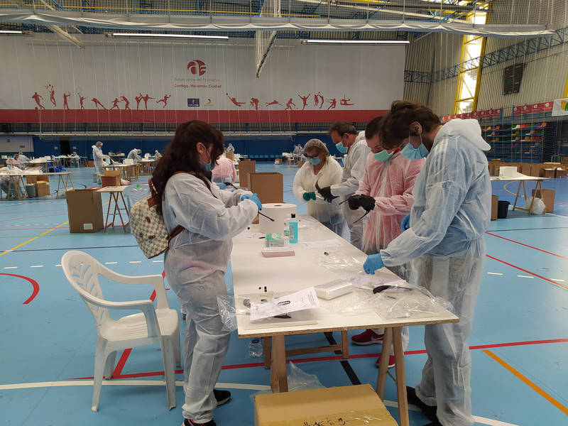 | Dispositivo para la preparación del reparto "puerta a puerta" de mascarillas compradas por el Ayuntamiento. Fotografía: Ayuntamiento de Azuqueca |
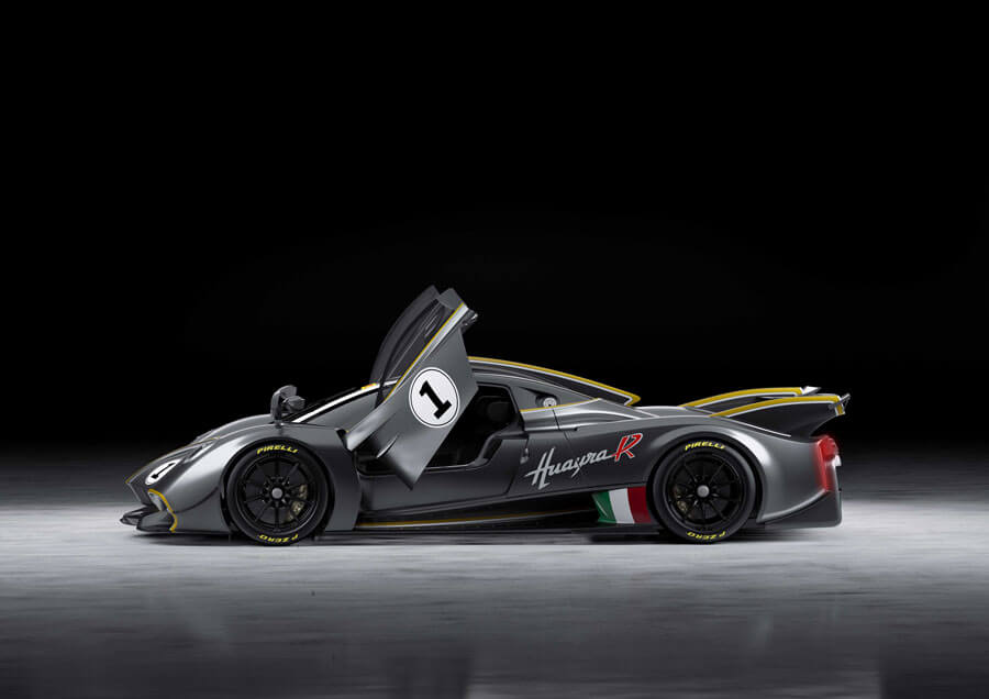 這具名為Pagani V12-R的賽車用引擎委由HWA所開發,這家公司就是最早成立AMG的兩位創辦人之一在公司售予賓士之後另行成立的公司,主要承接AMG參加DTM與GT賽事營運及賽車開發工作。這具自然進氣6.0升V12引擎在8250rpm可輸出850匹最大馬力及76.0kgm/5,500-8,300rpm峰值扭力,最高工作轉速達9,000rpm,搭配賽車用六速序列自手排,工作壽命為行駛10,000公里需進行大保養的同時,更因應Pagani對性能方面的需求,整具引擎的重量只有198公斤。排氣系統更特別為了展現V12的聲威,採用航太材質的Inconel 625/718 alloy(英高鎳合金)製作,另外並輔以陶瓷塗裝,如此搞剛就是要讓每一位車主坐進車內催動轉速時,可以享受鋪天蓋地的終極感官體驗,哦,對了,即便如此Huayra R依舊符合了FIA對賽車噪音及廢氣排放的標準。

+ + + +

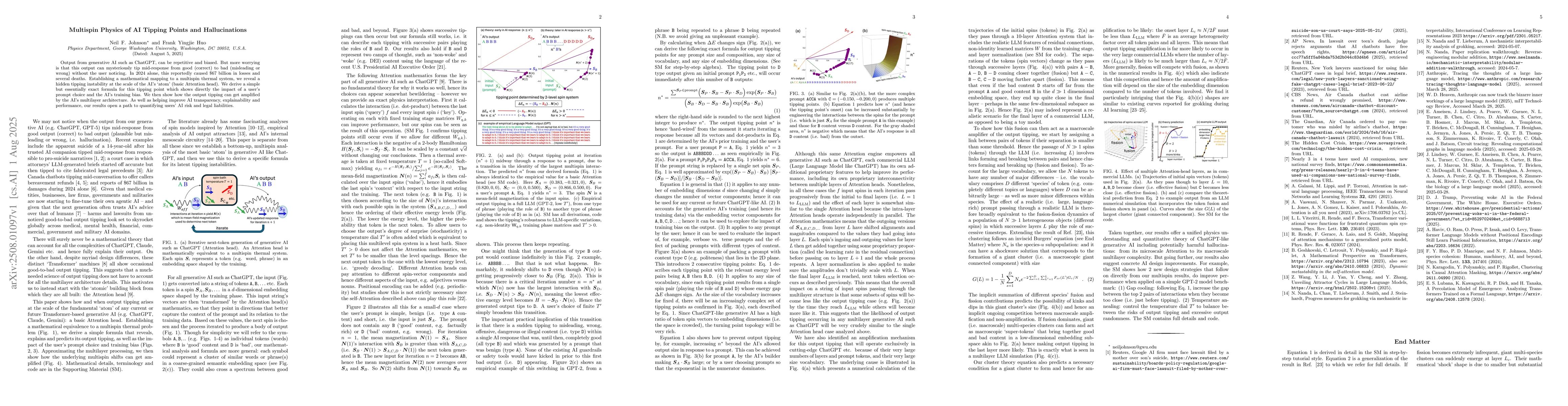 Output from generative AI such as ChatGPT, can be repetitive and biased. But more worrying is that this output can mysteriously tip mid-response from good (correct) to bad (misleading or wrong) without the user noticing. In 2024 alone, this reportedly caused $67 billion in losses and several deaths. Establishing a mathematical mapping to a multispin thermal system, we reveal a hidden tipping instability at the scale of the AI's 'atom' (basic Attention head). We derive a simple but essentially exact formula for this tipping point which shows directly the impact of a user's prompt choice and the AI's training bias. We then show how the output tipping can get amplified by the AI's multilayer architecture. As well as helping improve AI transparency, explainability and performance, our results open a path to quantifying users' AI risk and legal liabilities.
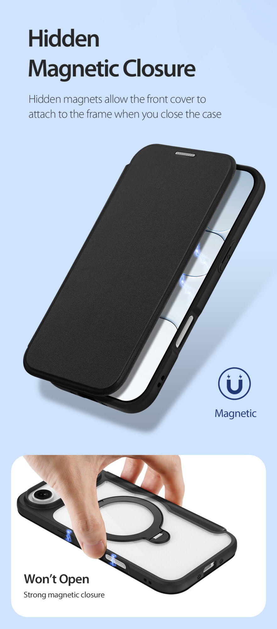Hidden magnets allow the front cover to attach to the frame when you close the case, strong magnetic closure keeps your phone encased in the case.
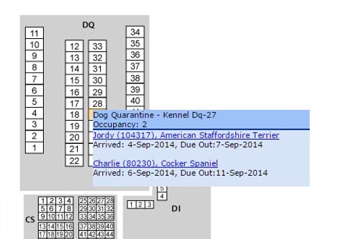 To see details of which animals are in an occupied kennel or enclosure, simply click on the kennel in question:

+ + + +

[EXERCISE DIRECTIONS] Every line above between the one containing "Hidden magnets allow" and the one containing "To see details", those two included, is to be printed exactly. No pictures go into the copy.

[FINISHED EXERCISE]
Hidden magnets allow the front cover to attach to the frame when you close the case, strong magnetic closure keeps your phone encased in the case.
 To see details of which animals are in an occupied kennel or enclosure, simply click on the kennel in question:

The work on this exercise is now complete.